# [Exercise details]
Using the listing below, copy exactly each line from the one that has "(1) يدل هذا" through the one that has "Via de voordeur"; omit the pictures.

# [Exercise material]
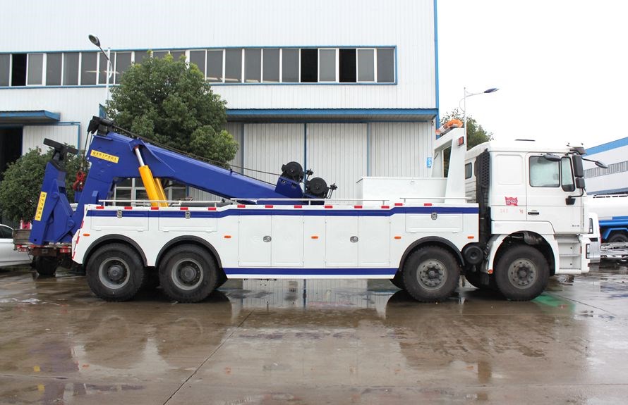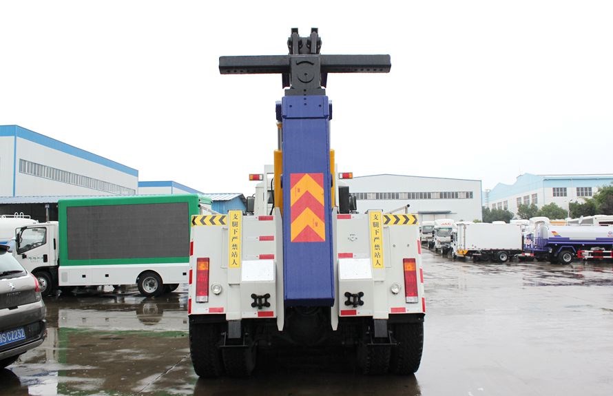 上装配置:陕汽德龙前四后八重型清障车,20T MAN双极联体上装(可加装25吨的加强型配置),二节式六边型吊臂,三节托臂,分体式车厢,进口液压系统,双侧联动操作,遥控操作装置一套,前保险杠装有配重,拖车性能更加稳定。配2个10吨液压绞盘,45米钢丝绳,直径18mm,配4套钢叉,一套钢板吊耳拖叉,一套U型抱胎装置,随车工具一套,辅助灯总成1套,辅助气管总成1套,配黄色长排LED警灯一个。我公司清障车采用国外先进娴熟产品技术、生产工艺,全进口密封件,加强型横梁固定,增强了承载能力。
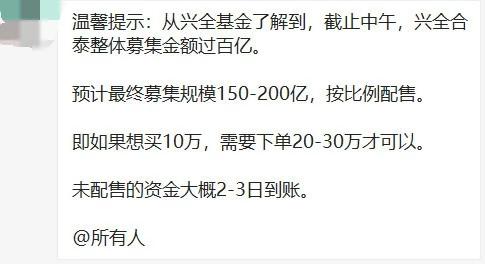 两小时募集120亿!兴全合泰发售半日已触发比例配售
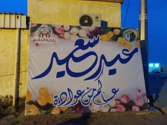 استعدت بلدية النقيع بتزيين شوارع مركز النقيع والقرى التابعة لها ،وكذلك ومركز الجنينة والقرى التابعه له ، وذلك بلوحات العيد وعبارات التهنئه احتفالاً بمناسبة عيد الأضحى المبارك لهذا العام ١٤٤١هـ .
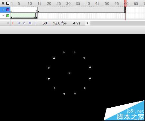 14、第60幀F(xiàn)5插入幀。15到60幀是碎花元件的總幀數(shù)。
* * *
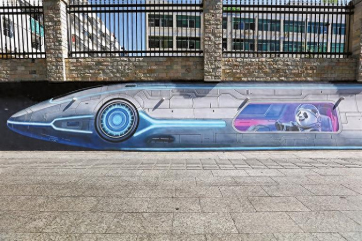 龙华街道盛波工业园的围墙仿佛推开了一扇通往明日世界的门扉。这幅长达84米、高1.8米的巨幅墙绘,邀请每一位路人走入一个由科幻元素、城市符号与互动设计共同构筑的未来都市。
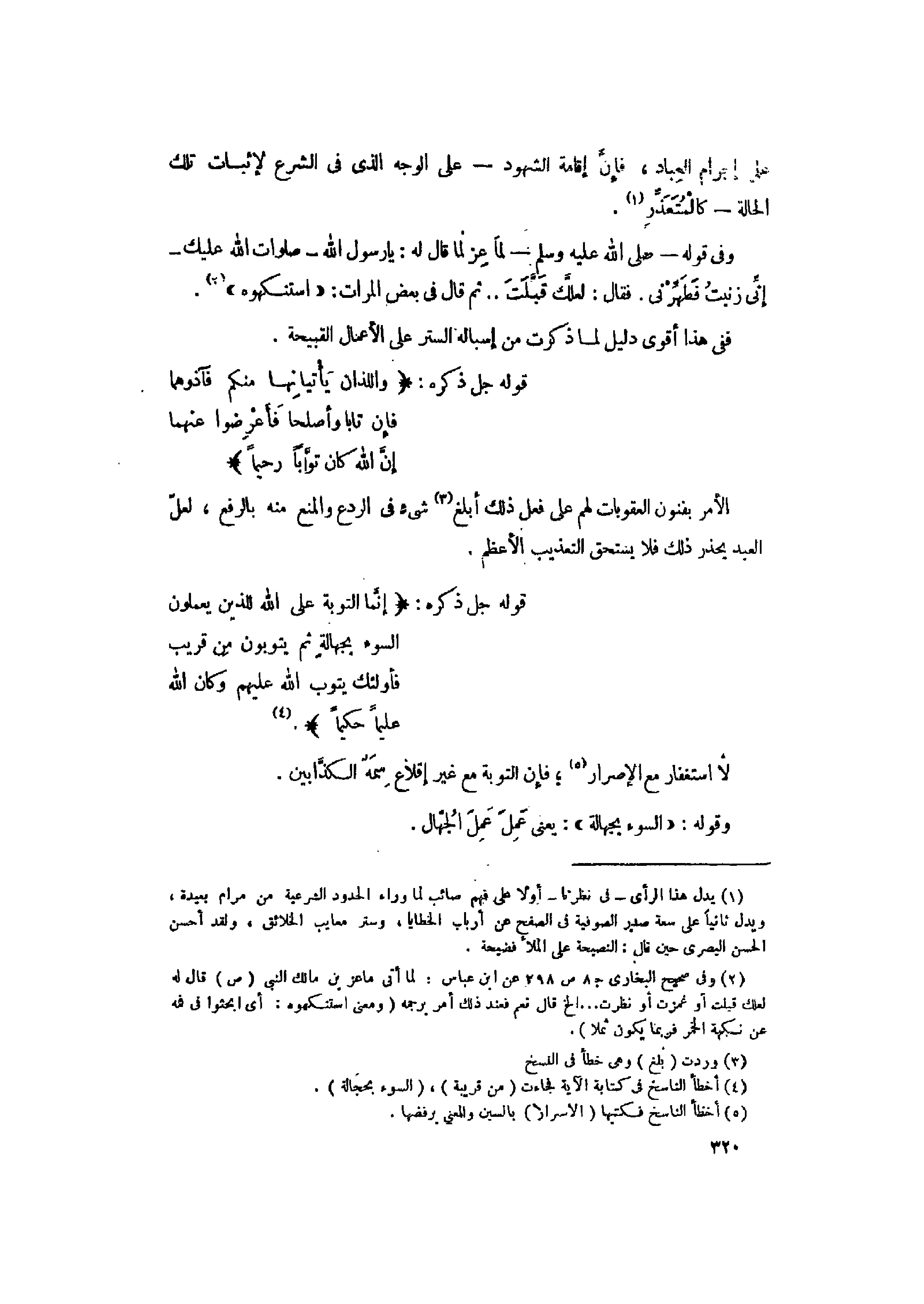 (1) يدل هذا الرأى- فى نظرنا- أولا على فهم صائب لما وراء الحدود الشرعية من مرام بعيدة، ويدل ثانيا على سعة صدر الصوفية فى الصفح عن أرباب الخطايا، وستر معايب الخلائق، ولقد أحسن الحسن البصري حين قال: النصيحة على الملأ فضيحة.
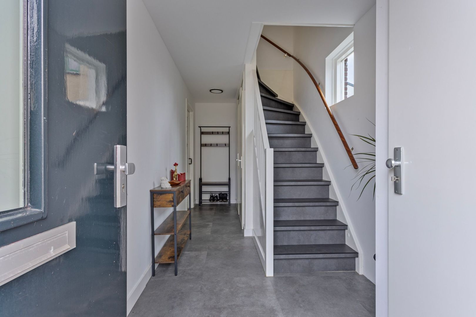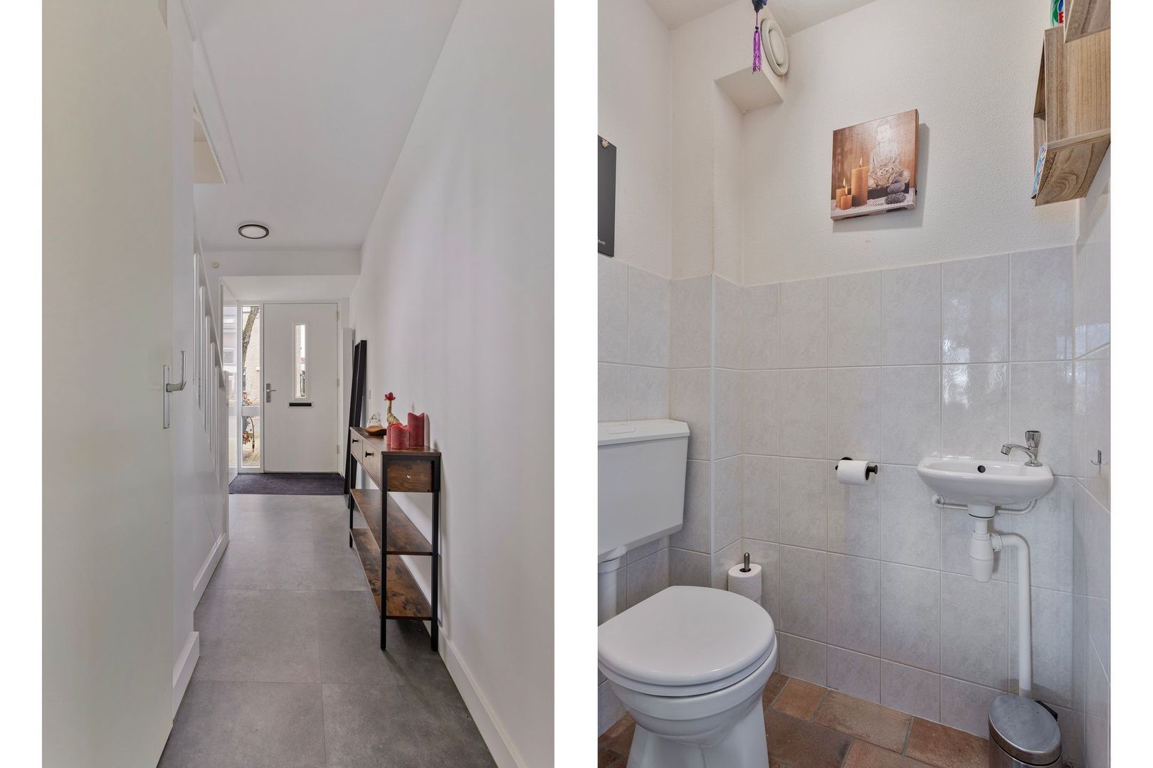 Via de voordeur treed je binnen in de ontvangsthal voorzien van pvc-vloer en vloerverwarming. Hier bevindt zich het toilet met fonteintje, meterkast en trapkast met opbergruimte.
* * *
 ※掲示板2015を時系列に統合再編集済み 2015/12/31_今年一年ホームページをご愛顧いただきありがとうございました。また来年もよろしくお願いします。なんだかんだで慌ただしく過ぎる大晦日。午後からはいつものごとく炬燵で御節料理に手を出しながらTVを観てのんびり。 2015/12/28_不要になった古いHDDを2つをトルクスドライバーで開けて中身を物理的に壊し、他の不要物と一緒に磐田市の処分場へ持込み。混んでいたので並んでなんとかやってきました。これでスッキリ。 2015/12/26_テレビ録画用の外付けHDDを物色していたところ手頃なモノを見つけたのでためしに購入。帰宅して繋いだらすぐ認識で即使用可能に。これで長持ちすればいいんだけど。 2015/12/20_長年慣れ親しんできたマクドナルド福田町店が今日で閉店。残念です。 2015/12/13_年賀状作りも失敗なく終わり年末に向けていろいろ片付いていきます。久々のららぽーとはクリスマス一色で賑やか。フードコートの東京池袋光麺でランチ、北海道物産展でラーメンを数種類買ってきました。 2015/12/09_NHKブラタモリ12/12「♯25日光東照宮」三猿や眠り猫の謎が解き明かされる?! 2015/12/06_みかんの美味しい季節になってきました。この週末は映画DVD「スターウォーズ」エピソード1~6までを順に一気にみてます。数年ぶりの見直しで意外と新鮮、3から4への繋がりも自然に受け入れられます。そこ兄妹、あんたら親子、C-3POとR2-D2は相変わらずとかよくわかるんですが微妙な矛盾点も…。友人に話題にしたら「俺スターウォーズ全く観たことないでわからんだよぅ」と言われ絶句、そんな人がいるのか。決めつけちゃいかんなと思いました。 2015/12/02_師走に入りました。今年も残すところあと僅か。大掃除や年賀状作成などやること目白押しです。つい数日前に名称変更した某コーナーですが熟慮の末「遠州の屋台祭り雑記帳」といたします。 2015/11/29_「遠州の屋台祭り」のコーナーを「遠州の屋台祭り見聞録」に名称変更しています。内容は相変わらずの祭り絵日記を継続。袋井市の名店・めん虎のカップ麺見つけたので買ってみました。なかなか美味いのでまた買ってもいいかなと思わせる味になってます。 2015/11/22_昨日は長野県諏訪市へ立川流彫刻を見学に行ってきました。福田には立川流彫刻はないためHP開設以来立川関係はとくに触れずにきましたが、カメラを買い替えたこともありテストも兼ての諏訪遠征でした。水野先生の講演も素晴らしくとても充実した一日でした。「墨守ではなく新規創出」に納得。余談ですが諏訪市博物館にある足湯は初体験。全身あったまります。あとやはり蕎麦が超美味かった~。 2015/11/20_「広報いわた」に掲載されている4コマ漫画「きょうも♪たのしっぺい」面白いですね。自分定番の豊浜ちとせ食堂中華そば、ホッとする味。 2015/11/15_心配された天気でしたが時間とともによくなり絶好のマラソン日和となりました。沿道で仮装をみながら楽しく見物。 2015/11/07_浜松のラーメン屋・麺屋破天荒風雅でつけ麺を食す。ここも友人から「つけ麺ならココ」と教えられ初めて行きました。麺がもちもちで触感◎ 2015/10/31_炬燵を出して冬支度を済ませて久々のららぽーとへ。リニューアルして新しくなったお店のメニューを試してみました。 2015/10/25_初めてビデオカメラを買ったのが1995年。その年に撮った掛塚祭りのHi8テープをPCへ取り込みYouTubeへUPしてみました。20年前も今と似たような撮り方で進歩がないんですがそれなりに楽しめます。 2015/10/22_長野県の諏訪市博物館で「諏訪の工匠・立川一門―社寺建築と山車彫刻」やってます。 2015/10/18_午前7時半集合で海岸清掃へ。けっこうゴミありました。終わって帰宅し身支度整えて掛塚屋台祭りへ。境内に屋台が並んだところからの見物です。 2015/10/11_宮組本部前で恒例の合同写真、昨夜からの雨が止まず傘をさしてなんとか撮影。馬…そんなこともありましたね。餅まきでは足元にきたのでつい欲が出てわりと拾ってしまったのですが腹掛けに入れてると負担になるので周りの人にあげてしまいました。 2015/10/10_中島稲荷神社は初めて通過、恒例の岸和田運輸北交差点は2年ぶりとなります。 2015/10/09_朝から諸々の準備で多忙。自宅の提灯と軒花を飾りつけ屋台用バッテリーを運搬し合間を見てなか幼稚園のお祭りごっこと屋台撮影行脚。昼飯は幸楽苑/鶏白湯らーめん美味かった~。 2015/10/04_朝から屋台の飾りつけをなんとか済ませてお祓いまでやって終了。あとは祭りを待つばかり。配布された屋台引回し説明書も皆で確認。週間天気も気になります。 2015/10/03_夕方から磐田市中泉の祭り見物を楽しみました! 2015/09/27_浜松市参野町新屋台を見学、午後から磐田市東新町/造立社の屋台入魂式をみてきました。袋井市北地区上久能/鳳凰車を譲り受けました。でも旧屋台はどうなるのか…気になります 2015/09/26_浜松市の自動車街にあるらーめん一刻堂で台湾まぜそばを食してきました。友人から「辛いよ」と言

# [Answer section]
 (1) يدل هذا الرأى- فى نظرنا- أولا على فهم صائب لما وراء الحدود الشرعية من مرام بعيدة، ويدل ثانيا على سعة صدر الصوفية فى الصفح عن أرباب الخطايا، وستر معايب الخلائق، ولقد أحسن الحسن البصري حين قال: النصيحة على الملأ فضيحة.
 Via de voordeur treed je binnen in de ontvangsthal voorzien van pvc-vloer en vloerverwarming. Hier bevindt zich het toilet met fonteintje, meterkast en trapkast met opbergruimte.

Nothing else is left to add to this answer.